In the last decade, Descemet Membrane Endothelium Keratoplasty (DMEK) has gained popularity among surgeons to treat primary endothelial diseases because it is associated with a faster recovery after surgery, a better visual outcome, and a lower rejection rate compared to Descemet Stripping Automated Endothelial Keratoplasty (DSAEK).^1,2 However, its adoption as a standard technique is still encountering difficulties, especially with less experienced surgeons, because of the steep learning curve in the preparation, injection, and unfolding of the graft.^3–5 To overcome some of these issues, many eye banks have started preparing and shipping preloaded tissue.^1,6,7 The graft is stripped by eye bank trained staff under controlled conditions, allowing an improvement in theatre efficiency, a reduction of the risk of tissue loss, and better quality control of the donor endothelium. ⁸

When the DMEK graft is stripped out from the cornea, it tends to scroll with the endothelium outside following its natural anatomical configuration given by the more rigid Descemet's membrane. ⁷ Preloaded tissues with endo-in configuration have the advantage to be easily inserted into the injector, but their unfolding inside the eye can be challenging, especially in complex cases.^2,9,10 Further, since the cells of the tissue are in direct contact with the injector and, once delivered in the anterior chamber, with the iris and the cornea, there is a demonstrated higher risk of endothelial cell loss (ECL) and reduced graft survival after a successful surgery.^2,11,12

In 2013 Muraine et al. ¹³ have published a new method to deliver the preloaded graft in an endothelium-in way. This configuration reduces the mechanical stress on endothelial cells and promotes a longer long-term survival of the graft.^2,10,14 Further, the tissue spontaneously unfolds when injected into the AC because it tends to acquire its natural configuration with endothelium out. ¹⁰ Busin et al. have improved the delivery procedure by adopting for DMEK surgeries the bimanual pull-through technique.^7,10 This method helps overcome certain issues of graft unfolding, but it requires the use of forceps to pull the graft into the recipient's anterior chamber, increasing the manipulation of the tissue and the risk of ECL.

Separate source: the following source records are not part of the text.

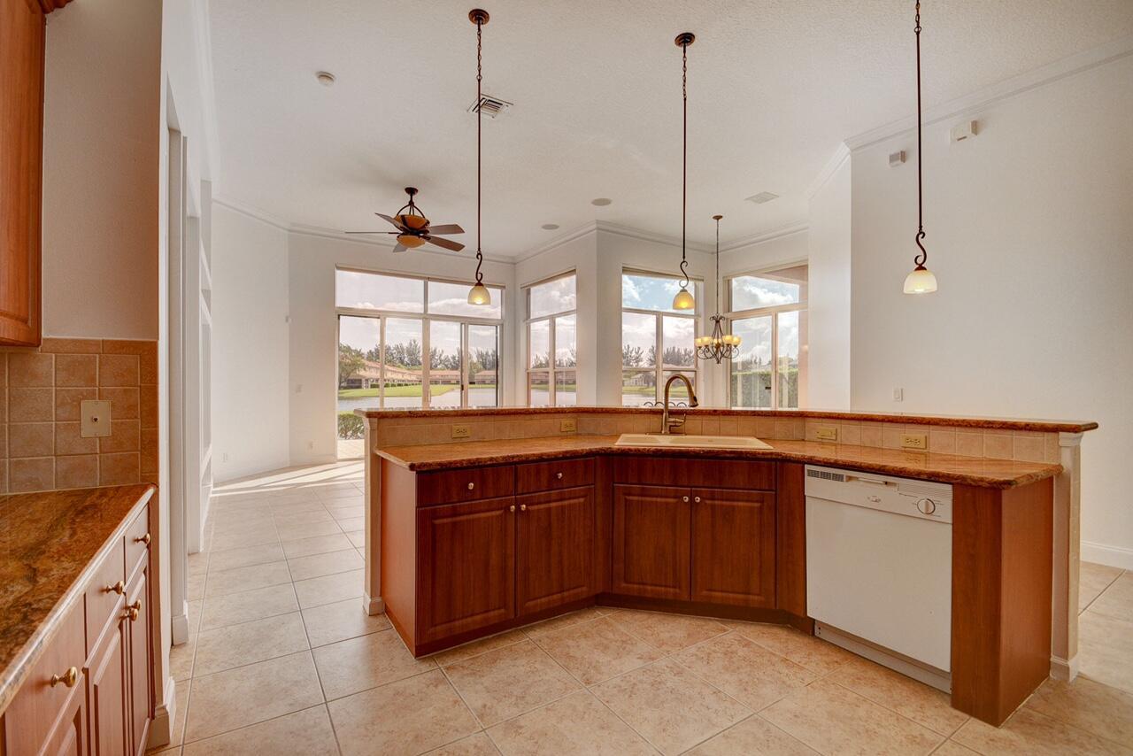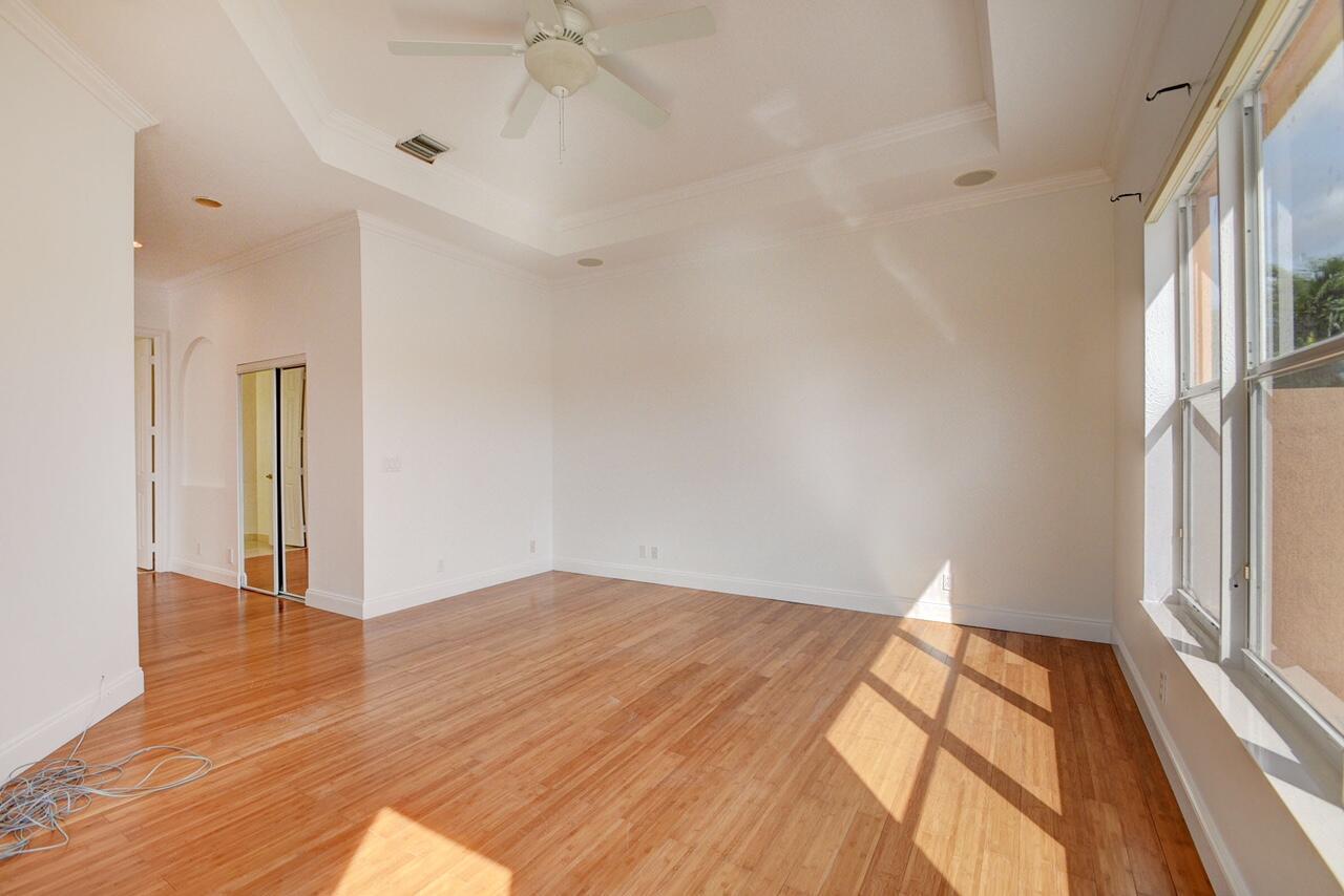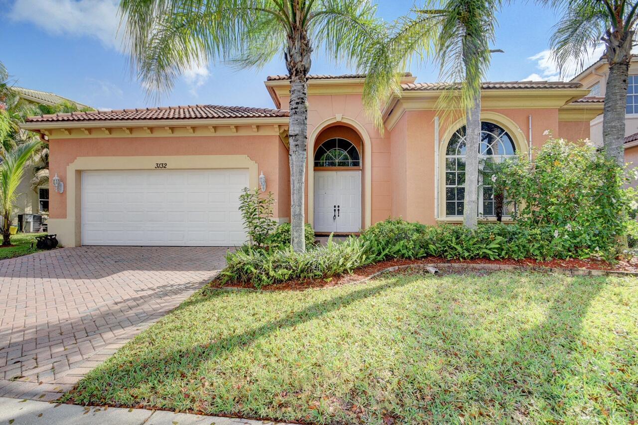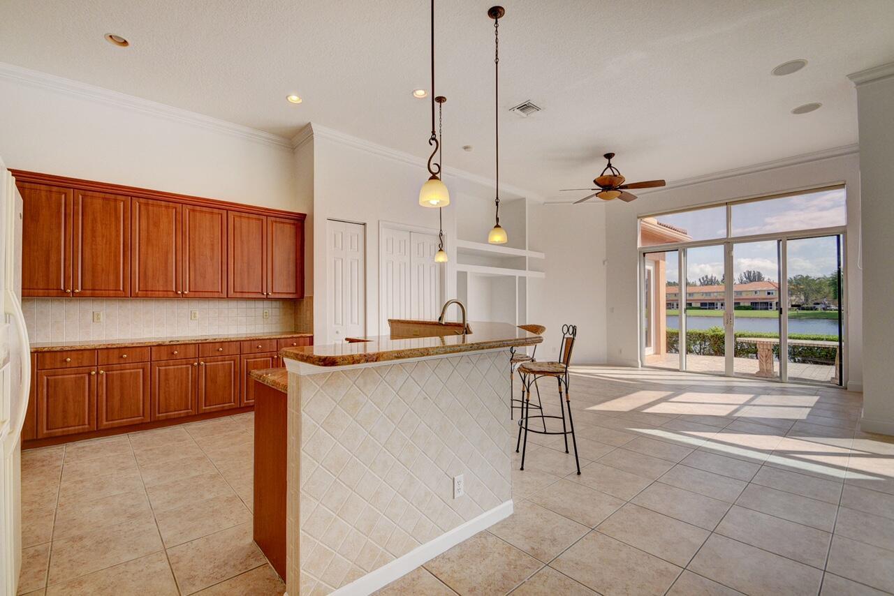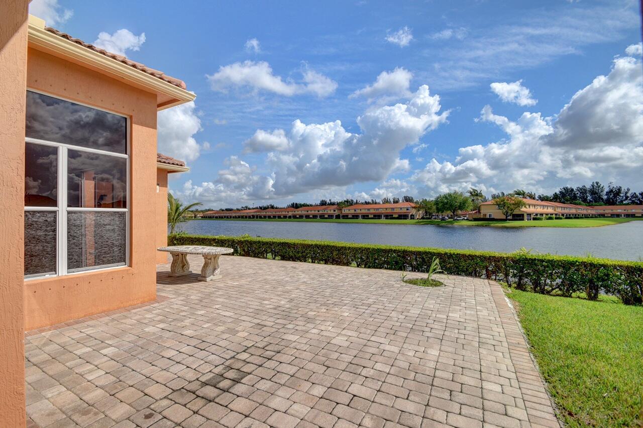GORGEOUS WATER VIEWS!! WOW, Best describes this Freshly Painted 4Bd/3Bath. Grand Entrance leads to a Spacious Bright Split Bedrm, One Level Floor Plan. High Ceilings throughout. Enormous Master Suite and Master Bath w/Jacuzzi Tub. Open Kitchen w/Counter Seating and Breakfast Nook. Family Room w/Sliders open to Patio overlooking Water and Fountain. Formal Dining and Living Rooms. Large Windows throughout. Tile in Living Areas. Real Wood Floors in Bedrms. 2Car Garage. New A/C. Large Patio and Big Back and Side yards. Room for Pool. Gated Community. Clubhse. Community Pool. Fitness Center. Tennis Courts. Low HOA $255/mth. Easy access to Turnpike, I95. 20 minutes to Palm Beach Island and Beach. Minutes to Restaurants, Shops. 12 minutes to Downtown WPB, Rosemary Sq, Kravis Center. Pets Welcome!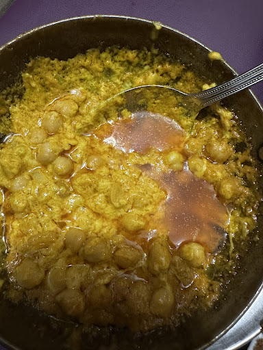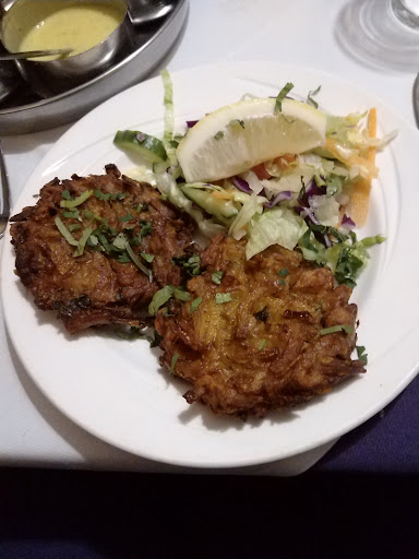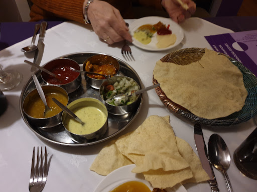 We went to Bombay Nite as a couple for a spontaneous date night and for my partner to try Indian cuisine for the first time.. ordered one large coke each with 4 poppadoms to start. The cokes were slightly warm, but the poppadoms were fine….. we ordered our meal of a chicken korma, chicken tikka masala, egg fried pilau rice, plain pilau rice, saag aloo, Bombay aloo, onion bhajis and a plain naan. The korma was okay, tikka masala was okay, but over cooked chicken, egg fried pilau rice tasted like a microwave pouch not fresh, although the plain pilau was okay. Saag aloo was simply tasteless, bar the salty potatoes, Bombay aloo had the same salty potatoes but the Bombay was also way too salty, we had to order additional glass of coke because of the over saltiness, which took forever to get to our table, Onion bhajis were very nice! Plain naan was okay, but I’ve definitely had better… We were given a complimentary desert which was nice, however we both felt it was overpoweringly creamy.
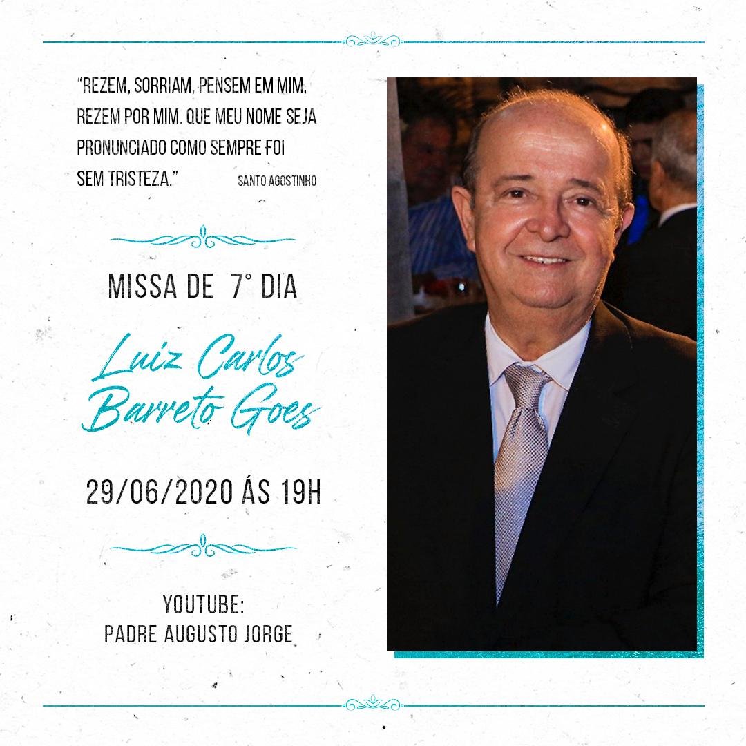 A família de Luís Carlos Barreto Goes convida os amigos para a missa de sétimo dia a ser realizada no dia 29 de junho, às 19 horas, que será transmitida ao vivo pelo canal YouTube do Padre Augusto Jorge.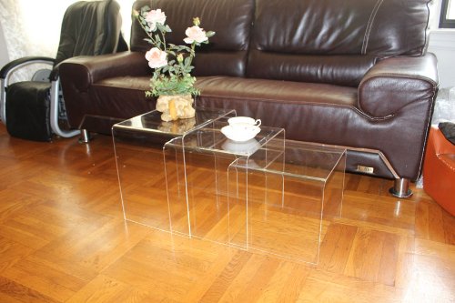 -. Title : DisplayGifts AC-TB1 Clear Acrylic Nesting Table Coffee End Table 3pc Lucite Side Table Set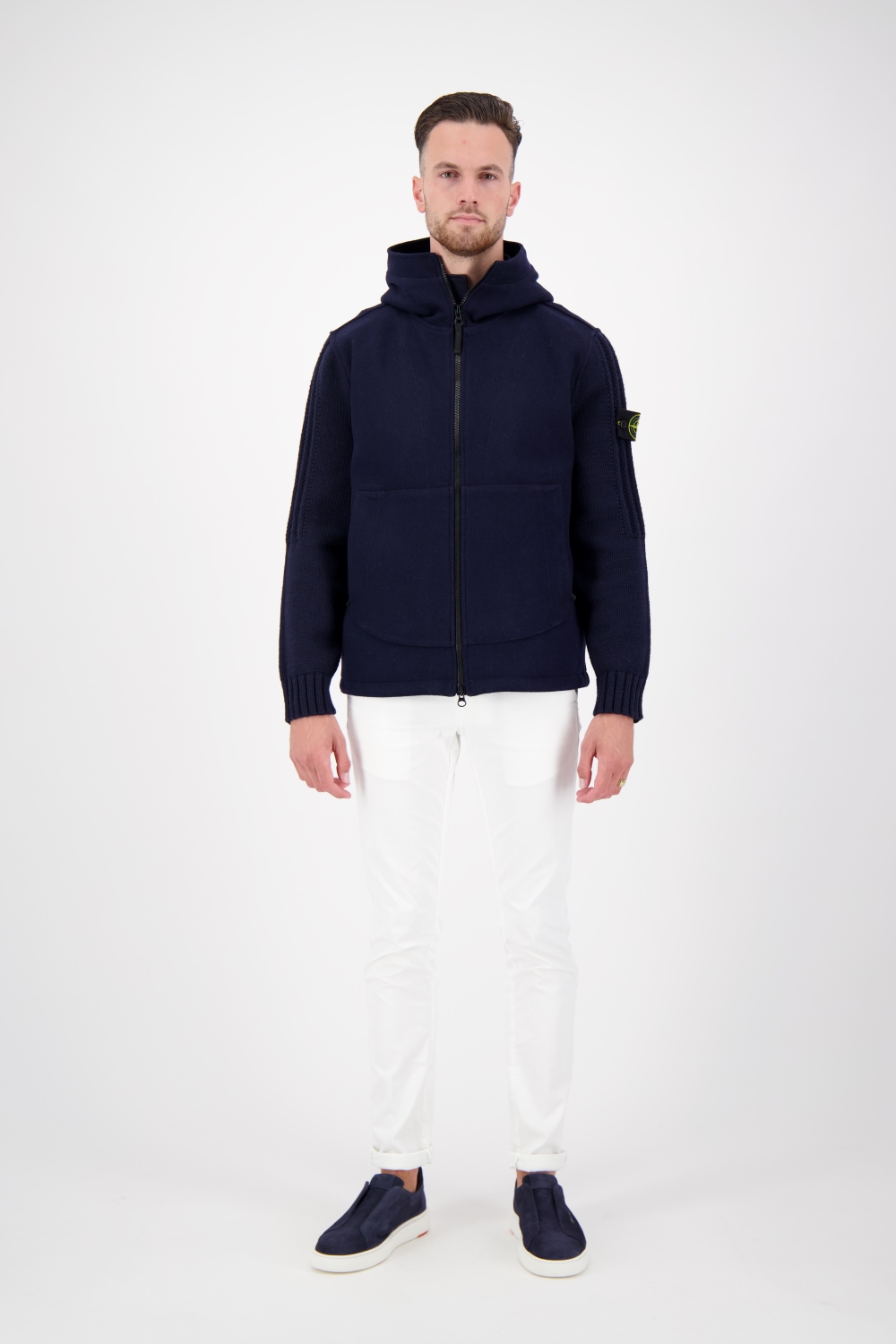 Stone Island You can buy Stone Island online or in the shop at Hans Voortman. Every season we have a large collection of Stone Island jackets, sweaters and cardigans. Characteristic of the Stone Island items is the well-known logo in the shape of a compass. The logo is fastened with buttons. You will not see this logo on a Stone Island polo or Stone Island t-shirt; these items have the logo on the chest. An item from Stone Island is the end result of years of research into the best materials and painting techniques. The colors of Stone Island jackets and softshell jackets are unmatched; no brand can produce such deep, vibrant colors. In addition, you often find very special materials. For example, there are Stone Island sweaters that change color when it gets colder or warmer. At Hans Voortman we are therefore very fans of this beautiful Italian brand. You can be sure that you are buying genuine Stone Island clothing from us, because every product has a code.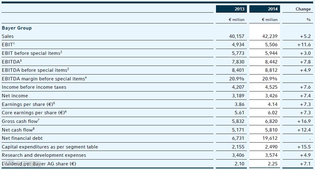 展望:2014年,拜耳集团在运营和战略方面取得了显著的成功。生命科学业务和材料科技业务不计特殊项目的销售额和盈利涨幅都增长显著。材料科技最迟将于2016年中期作为独立公司上市。生命科学业务通过重要的收购得以加强。戴克斯表示,2015年公司的目标是进一步实现销售额的增长和盈利的显著上升。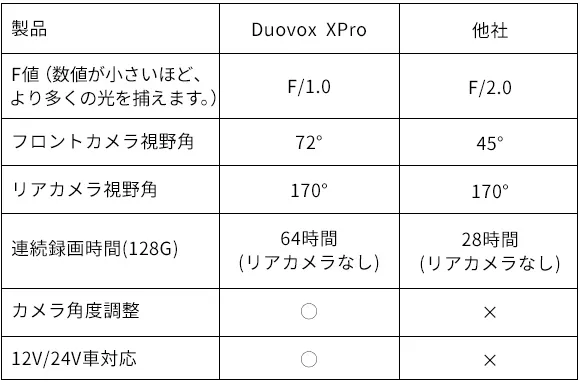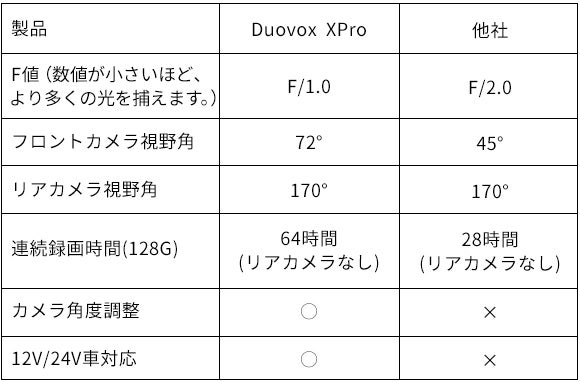 Duovox XProは画角を通常の45度から

In this scenario, there is an unmet need for new methods to deliver the DMEK graft minimizing the tissue manipulation and improving the surgeon's control over the procedure. Herein, we described a new technique for DMEK injection into the AC in a controlled way without manipulating the graft with the forceps.

Subjects and methods

Surgical technique

The tissue was harvested, preloaded with the endo-in configuration, and shipped to our cornea department at Liverpool University (UK) by the Veneto Eye Bank Foundation (Venice, Italy) as previously described. ⁹ After receiving the graft and checking the expiry date, the cartridge (Figure 1a) was mounted on the injector (Viscoject single-use BIO injector, Medicel, Switzerland). An anterior chamber maintainer (90 × 4 mm, 20 gauge, 45° bevelled tip, Beaver-Visitec International Ltd., Warwickshire, UK) was connected to the posterior end of the injector and pushed into the rubber plug at the rear exit (Figure 1b). The other end of the ACM was connected to a 5 ml non-luer-lock syringe (Figure 1c) (Video 1, Supplementary Files). We gently washed the tissue with balanced salt solution (BSS) from the front opening to ensure the removal of preservation media. The injector was then introduced into the anterior chamber through a single 2.7 mm 2 steps incision. The graft was advanced into the anterior chamber by applying gentle taps on the plunger of the 5 ml syringe which offered a slow and controlled flow of balance salt solution through the rubber plug of the injector (Video 2, Supplementary Files).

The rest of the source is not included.